• [To do]
In the entries that follow, the line with "The following day" opens the range and the line with "13.一名女性患者,主訴臀部" closes it; repeat that range exactly, both lines included.

• [Information]
_____

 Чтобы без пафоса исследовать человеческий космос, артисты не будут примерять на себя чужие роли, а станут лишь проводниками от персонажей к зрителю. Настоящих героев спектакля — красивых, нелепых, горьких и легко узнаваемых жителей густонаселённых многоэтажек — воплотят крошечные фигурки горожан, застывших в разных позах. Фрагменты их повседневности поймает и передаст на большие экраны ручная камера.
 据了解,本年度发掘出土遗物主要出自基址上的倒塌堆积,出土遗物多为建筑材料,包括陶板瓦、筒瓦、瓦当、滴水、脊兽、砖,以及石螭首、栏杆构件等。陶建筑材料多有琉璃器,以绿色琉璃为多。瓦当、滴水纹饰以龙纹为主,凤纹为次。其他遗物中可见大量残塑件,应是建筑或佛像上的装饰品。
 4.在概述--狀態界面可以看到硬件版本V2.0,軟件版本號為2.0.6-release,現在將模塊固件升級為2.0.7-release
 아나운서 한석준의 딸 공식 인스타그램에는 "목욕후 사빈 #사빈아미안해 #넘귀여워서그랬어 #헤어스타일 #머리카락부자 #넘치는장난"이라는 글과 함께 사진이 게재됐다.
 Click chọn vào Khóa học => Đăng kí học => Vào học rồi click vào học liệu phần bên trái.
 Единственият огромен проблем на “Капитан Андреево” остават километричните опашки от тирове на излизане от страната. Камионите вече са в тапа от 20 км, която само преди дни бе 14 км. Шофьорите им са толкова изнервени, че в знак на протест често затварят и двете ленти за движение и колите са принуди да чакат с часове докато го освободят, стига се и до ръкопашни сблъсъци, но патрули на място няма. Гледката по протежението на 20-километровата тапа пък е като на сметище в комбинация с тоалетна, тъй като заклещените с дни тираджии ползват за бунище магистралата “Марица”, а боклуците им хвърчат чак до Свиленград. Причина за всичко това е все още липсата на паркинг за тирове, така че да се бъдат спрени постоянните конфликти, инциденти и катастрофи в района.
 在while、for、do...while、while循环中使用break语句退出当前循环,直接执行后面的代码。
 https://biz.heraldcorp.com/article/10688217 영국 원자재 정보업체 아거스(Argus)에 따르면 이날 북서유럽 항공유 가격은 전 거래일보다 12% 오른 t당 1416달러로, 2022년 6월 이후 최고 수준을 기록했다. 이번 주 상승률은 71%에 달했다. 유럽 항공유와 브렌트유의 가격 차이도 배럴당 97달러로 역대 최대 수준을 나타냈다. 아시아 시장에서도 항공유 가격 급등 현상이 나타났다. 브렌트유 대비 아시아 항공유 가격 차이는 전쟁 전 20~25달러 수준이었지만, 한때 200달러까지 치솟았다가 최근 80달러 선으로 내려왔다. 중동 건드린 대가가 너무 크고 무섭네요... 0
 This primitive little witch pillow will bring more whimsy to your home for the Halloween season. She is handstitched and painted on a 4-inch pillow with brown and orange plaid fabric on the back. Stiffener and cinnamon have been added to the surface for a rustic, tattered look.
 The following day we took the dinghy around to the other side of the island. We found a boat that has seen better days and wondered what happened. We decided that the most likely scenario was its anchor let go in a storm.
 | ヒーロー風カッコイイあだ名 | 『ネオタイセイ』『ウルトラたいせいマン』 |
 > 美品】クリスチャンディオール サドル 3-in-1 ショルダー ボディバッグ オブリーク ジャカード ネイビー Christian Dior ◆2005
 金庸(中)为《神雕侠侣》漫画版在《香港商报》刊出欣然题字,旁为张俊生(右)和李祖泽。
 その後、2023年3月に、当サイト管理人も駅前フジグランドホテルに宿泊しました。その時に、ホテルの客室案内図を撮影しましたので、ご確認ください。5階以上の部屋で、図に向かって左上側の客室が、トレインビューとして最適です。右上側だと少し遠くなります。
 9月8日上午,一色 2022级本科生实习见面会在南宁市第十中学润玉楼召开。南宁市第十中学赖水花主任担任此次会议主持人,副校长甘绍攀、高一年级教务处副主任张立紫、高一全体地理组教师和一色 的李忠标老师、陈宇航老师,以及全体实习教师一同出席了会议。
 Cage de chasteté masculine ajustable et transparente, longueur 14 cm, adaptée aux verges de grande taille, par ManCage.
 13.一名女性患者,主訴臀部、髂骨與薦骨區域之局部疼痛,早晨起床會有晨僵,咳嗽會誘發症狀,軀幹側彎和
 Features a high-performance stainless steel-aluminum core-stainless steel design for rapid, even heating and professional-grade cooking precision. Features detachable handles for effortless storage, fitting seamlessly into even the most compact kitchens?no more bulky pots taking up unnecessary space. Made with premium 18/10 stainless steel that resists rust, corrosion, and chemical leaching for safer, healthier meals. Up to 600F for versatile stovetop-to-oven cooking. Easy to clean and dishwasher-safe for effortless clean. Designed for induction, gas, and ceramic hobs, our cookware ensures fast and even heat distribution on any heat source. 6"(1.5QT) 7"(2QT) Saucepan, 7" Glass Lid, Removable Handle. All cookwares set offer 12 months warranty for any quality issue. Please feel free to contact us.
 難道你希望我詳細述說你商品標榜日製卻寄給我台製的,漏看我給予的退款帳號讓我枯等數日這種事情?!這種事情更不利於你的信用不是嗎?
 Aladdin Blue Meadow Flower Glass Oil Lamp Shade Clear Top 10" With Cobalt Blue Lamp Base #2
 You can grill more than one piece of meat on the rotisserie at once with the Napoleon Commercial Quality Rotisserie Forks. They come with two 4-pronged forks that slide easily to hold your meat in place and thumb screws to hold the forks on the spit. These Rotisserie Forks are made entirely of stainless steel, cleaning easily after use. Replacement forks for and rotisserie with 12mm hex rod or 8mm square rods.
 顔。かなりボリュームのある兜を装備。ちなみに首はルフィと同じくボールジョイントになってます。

_____

• [Solution]
 The following day we took the dinghy around to the other side of the island. We found a boat that has seen better days and wondered what happened. We decided that the most likely scenario was its anchor let go in a storm.
 | ヒーロー風カッコイイあだ名 | 『ネオタイセイ』『ウルトラたいせいマン』 |
 > 美品】クリスチャンディオール サドル 3-in-1 ショルダー ボディバッグ オブリーク ジャカード ネイビー Christian Dior ◆2005
 金庸(中)为《神雕侠侣》漫画版在《香港商报》刊出欣然题字,旁为张俊生(右)和李祖泽。
 その後、2023年3月に、当サイト管理人も駅前フジグランドホテルに宿泊しました。その時に、ホテルの客室案内図を撮影しましたので、ご確認ください。5階以上の部屋で、図に向かって左上側の客室が、トレインビューとして最適です。右上側だと少し遠くなります。
 9月8日上午,一色 2022级本科生实习见面会在南宁市第十中学润玉楼召开。南宁市第十中学赖水花主任担任此次会议主持人,副校长甘绍攀、高一年级教务处副主任张立紫、高一全体地理组教师和一色 的李忠标老师、陈宇航老师,以及全体实习教师一同出席了会议。
 Cage de chasteté masculine ajustable et transparente, longueur 14 cm, adaptée aux verges de grande taille, par ManCage.
 13.一名女性患者,主訴臀部、髂骨與薦骨區域之局部疼痛,早晨起床會有晨僵,咳嗽會誘發症狀,軀幹側彎和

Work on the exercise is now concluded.